**Goal of the exercise:**
Each line from the one containing "Металлическое основание потолочной" to the end of the material below is to be restated exactly, with pictures skipped.

**Task data:**
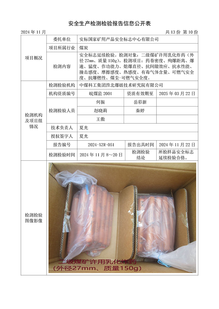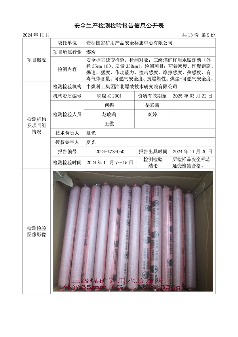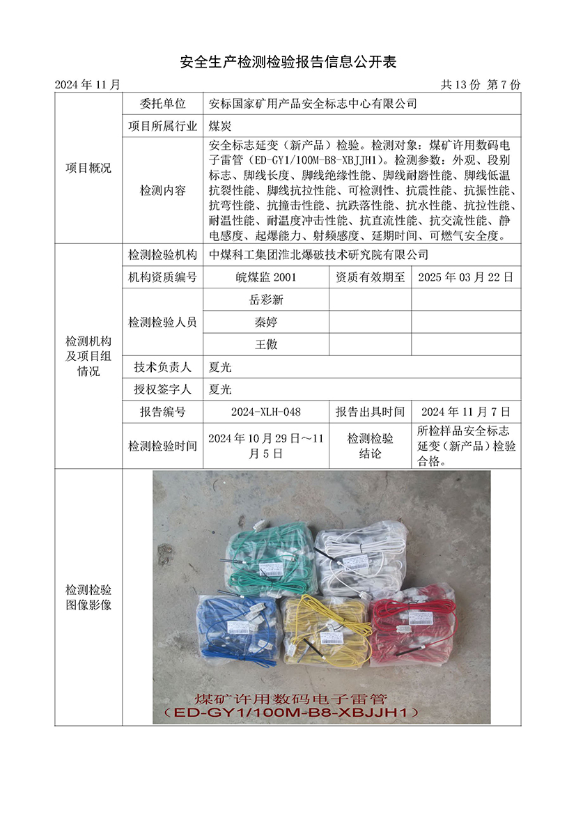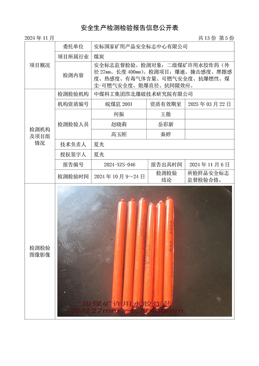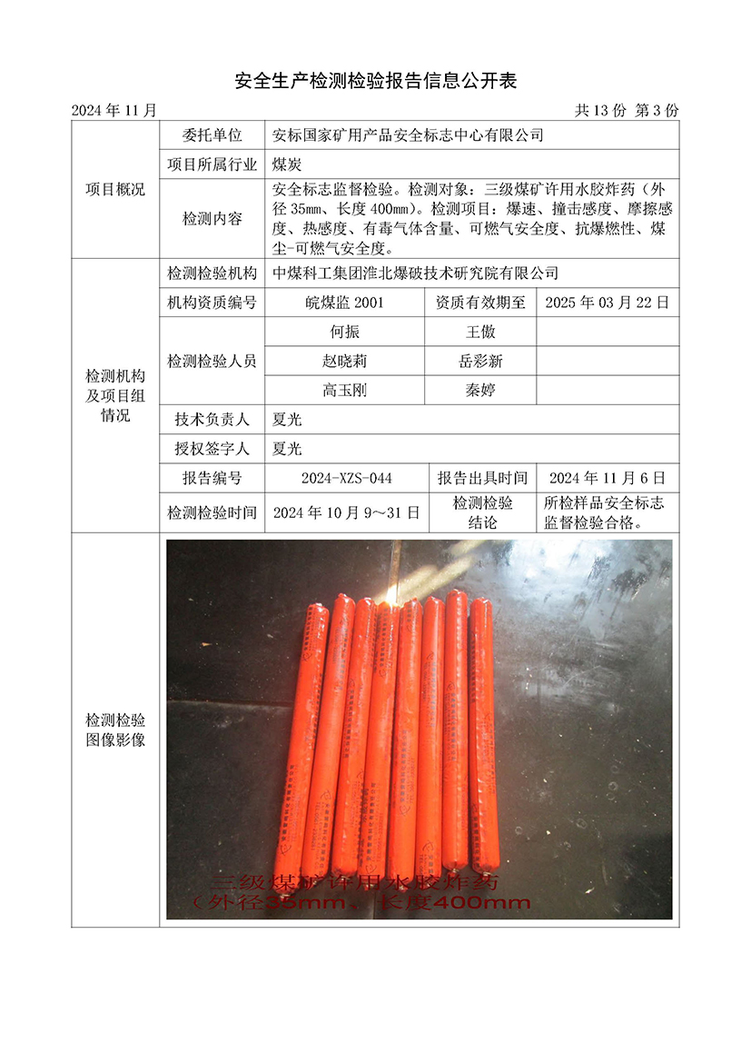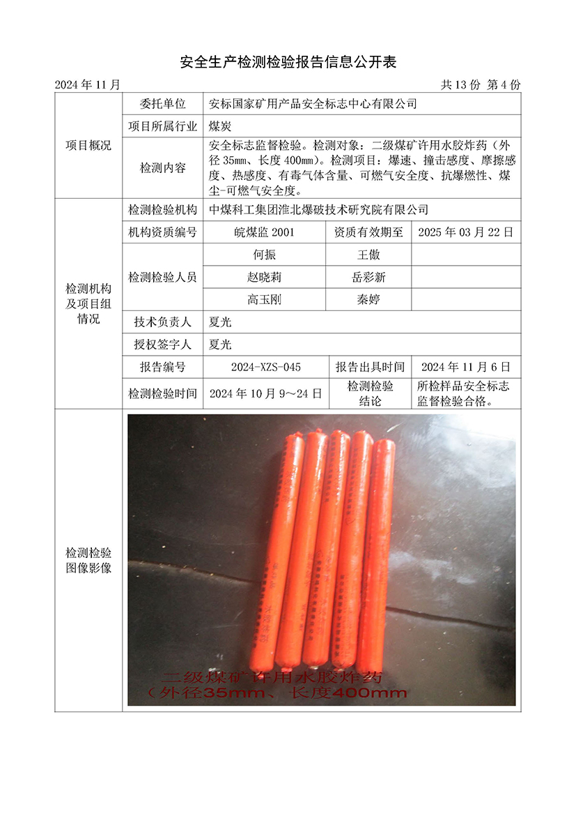 安全生產(chǎn)檢測檢驗報告信息公開表(2024年11月份)
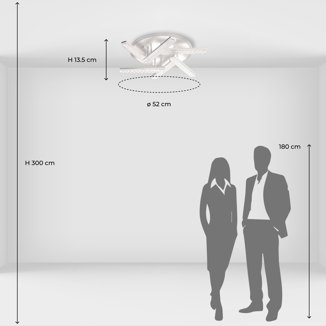 Металлическое основание потолочной люстры окрашено в белый цвет. Светодиодные источники света у потолочной чаши закрыты белым матовым акрилом, на рожках - прозрачным фактурным акрилом.
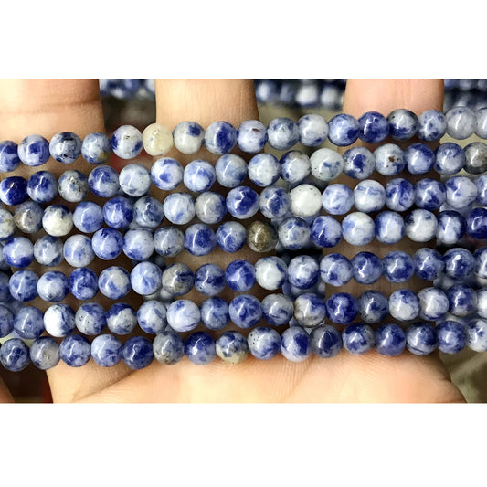 CBS01 Blue Spot Stone Beads Smooth Round 4mm 15.5" Strand
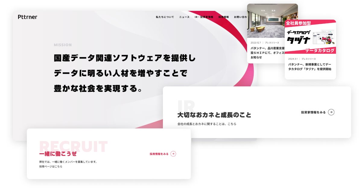 データカタログ「タヅナ」を運営する株式会社パタンナーは、コーポレートサイトをフルリニューアルしたことをお知らせいたします。
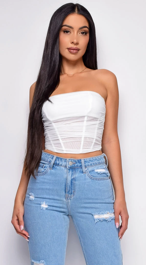 Emprada Araminta White Bandeau Mesh Corset Top Tops
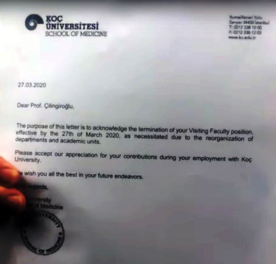 03 Mart 2020 tarihinde saat 21:00’de CnnTürk ekranlarında yayınlanan “Akıl Çemberi” isimli tartışma programında; korona virüsü ile mücadele konuları tartışılırken, Kardiyolog Prof Dr. Mehmet Çilingiroğlu yayın esnasında kendisine Koç Üniversitesinden mesaj geldiğini ve şu an da yayın esnasında işten kovulduğunu belirtti.

**Exercise response:**
 Металлическое основание потолочной люстры окрашено в белый цвет. Светодиодные источники света у потолочной чаши закрыты белым матовым акрилом, на рожках - прозрачным фактурным акрилом.
 CBS01 Blue Spot Stone Beads Smooth Round 4mm 15.5" Strand
 データカタログ「タヅナ」を運営する株式会社パタンナーは、コーポレートサイトをフルリニューアルしたことをお知らせいたします。
 Emprada Araminta White Bandeau Mesh Corset Top Tops
 03 Mart 2020 tarihinde saat 21:00’de CnnTürk ekranlarında yayınlanan “Akıl Çemberi” isimli tartışma programında; korona virüsü ile mücadele konuları tartışılırken, Kardiyolog Prof Dr. Mehmet Çilingiroğlu yayın esnasında kendisine Koç Üniversitesinden mesaj geldiğini ve şu an da yayın esnasında işten kovulduğunu belirtti.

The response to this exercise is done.